INSTRUCTIONS FOR THE TASK: The lines to copy are those holding the string "avec" in the entries below.

SOURCE MATERIAL:
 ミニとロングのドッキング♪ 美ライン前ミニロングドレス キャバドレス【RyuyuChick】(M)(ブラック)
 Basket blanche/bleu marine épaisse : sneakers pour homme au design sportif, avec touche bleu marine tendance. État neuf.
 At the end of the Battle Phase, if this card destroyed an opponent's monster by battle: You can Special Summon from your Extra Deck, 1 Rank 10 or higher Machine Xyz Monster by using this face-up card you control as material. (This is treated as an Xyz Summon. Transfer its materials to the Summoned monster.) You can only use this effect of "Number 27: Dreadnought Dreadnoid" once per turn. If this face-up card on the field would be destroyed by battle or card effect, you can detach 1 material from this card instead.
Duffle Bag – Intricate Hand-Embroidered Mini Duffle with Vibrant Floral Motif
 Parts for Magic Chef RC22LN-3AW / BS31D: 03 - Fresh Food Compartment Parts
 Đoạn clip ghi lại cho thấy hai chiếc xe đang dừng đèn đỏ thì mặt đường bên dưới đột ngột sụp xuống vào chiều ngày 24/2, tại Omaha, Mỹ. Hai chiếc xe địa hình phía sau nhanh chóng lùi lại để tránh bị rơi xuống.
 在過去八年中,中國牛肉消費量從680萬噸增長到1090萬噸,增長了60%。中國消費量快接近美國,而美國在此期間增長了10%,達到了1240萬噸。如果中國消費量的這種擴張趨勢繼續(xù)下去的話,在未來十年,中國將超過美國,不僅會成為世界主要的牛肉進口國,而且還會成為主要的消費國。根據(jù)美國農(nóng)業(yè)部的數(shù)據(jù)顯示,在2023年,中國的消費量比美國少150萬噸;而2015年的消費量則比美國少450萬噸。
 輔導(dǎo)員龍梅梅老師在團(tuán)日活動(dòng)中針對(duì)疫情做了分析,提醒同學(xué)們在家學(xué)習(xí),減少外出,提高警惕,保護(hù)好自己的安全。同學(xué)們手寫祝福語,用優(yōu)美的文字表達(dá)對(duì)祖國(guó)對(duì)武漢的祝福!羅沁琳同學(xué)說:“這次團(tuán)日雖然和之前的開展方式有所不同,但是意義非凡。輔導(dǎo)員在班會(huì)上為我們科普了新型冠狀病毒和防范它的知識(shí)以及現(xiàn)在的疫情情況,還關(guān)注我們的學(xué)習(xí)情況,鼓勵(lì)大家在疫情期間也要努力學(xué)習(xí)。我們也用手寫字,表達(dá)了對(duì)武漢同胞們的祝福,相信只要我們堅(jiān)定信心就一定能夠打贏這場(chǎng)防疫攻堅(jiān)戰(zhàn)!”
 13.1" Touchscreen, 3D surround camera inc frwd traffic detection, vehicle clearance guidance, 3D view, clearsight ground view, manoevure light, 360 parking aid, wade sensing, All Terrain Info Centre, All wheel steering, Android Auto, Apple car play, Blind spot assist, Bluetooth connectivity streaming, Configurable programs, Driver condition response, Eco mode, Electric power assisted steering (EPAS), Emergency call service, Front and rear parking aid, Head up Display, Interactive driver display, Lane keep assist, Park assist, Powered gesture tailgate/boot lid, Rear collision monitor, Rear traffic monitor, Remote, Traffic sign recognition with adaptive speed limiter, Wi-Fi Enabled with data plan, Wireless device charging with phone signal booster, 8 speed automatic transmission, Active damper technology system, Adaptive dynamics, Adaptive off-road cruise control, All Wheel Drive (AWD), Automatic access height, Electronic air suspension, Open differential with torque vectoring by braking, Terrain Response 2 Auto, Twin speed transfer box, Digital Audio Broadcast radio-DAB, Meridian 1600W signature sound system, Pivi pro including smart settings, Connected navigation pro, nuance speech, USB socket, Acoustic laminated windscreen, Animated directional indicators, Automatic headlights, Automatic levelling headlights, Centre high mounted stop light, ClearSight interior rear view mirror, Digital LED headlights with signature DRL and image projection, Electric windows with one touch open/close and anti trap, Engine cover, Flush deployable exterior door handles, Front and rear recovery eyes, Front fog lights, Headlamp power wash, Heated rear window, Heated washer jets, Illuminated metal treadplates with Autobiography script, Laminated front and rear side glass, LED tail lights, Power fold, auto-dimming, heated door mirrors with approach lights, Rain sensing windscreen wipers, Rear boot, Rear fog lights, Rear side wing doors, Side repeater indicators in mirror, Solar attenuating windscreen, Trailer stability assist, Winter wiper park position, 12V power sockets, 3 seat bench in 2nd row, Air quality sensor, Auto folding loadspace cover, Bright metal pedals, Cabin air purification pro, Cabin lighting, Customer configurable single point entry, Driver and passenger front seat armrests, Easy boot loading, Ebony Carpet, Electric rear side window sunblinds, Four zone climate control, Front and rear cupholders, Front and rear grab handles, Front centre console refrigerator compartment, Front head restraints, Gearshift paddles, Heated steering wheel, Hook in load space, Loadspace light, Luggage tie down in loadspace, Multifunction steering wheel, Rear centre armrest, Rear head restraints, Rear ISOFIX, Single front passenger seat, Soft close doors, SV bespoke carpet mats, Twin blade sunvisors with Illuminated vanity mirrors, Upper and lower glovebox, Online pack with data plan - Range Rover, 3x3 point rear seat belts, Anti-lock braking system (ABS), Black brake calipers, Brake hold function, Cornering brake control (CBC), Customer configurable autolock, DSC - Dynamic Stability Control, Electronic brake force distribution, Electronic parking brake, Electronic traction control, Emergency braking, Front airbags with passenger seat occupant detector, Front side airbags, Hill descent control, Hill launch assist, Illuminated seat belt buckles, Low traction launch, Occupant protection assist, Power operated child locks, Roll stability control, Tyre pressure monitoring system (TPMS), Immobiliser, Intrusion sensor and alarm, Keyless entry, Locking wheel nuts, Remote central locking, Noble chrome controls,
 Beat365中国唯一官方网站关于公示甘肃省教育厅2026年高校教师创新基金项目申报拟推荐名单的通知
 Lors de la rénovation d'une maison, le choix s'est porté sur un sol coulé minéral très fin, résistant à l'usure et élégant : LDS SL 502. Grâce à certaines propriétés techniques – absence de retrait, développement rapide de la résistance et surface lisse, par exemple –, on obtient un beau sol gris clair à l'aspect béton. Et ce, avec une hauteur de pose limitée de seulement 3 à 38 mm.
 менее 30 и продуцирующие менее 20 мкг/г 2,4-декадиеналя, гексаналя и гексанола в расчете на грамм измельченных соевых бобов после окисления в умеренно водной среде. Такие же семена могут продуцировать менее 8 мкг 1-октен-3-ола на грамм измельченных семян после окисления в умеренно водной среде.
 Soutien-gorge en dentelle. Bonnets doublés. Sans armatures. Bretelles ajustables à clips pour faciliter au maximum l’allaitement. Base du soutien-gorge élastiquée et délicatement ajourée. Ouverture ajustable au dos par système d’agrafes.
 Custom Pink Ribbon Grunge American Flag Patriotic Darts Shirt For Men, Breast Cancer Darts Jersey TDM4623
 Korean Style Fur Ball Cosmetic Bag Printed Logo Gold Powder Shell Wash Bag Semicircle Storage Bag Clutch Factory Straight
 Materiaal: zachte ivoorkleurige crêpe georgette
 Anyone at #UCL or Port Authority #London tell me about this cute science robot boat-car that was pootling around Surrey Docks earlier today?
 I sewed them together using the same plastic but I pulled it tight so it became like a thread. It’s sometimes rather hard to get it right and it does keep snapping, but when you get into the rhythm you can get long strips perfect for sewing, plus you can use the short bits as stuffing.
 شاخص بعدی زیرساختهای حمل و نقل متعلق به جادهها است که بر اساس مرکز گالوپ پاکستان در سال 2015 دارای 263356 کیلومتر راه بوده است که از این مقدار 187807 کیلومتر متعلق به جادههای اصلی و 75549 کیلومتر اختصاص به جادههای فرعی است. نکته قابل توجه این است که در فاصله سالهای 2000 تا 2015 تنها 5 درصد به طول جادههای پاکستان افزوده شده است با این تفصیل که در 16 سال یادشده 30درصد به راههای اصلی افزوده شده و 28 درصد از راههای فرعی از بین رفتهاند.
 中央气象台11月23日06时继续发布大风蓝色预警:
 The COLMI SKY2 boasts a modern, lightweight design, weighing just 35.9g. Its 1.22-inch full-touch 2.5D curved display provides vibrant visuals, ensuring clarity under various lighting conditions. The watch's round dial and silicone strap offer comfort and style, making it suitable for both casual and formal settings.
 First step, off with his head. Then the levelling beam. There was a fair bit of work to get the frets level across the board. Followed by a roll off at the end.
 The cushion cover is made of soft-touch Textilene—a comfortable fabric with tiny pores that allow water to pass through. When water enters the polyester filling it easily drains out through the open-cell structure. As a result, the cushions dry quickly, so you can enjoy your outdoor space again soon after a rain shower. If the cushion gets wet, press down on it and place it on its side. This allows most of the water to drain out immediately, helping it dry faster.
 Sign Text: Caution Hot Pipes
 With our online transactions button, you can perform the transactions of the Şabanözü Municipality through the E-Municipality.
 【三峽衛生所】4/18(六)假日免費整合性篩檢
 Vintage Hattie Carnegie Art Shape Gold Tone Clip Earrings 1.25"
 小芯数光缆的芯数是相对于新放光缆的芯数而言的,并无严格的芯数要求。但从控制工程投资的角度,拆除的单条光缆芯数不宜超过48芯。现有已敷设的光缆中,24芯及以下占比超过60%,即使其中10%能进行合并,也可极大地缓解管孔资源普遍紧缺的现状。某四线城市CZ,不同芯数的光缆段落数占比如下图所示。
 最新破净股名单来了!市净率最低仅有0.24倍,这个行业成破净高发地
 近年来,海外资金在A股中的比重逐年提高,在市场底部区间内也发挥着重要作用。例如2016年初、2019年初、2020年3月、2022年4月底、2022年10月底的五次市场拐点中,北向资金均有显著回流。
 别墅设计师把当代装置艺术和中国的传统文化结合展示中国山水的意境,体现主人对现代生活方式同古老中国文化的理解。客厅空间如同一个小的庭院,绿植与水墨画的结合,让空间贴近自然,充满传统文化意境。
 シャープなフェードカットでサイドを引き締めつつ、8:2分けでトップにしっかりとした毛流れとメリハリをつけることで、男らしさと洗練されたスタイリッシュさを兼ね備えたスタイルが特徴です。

TASK RESPONSE:
 Basket blanche/bleu marine épaisse : sneakers pour homme au design sportif, avec touche bleu marine tendance. État neuf.
 Lors de la rénovation d'une maison, le choix s'est porté sur un sol coulé minéral très fin, résistant à l'usure et élégant : LDS SL 502. Grâce à certaines propriétés techniques – absence de retrait, développement rapide de la résistance et surface lisse, par exemple –, on obtient un beau sol gris clair à l'aspect béton. Et ce, avec une hauteur de pose limitée de seulement 3 à 38 mm.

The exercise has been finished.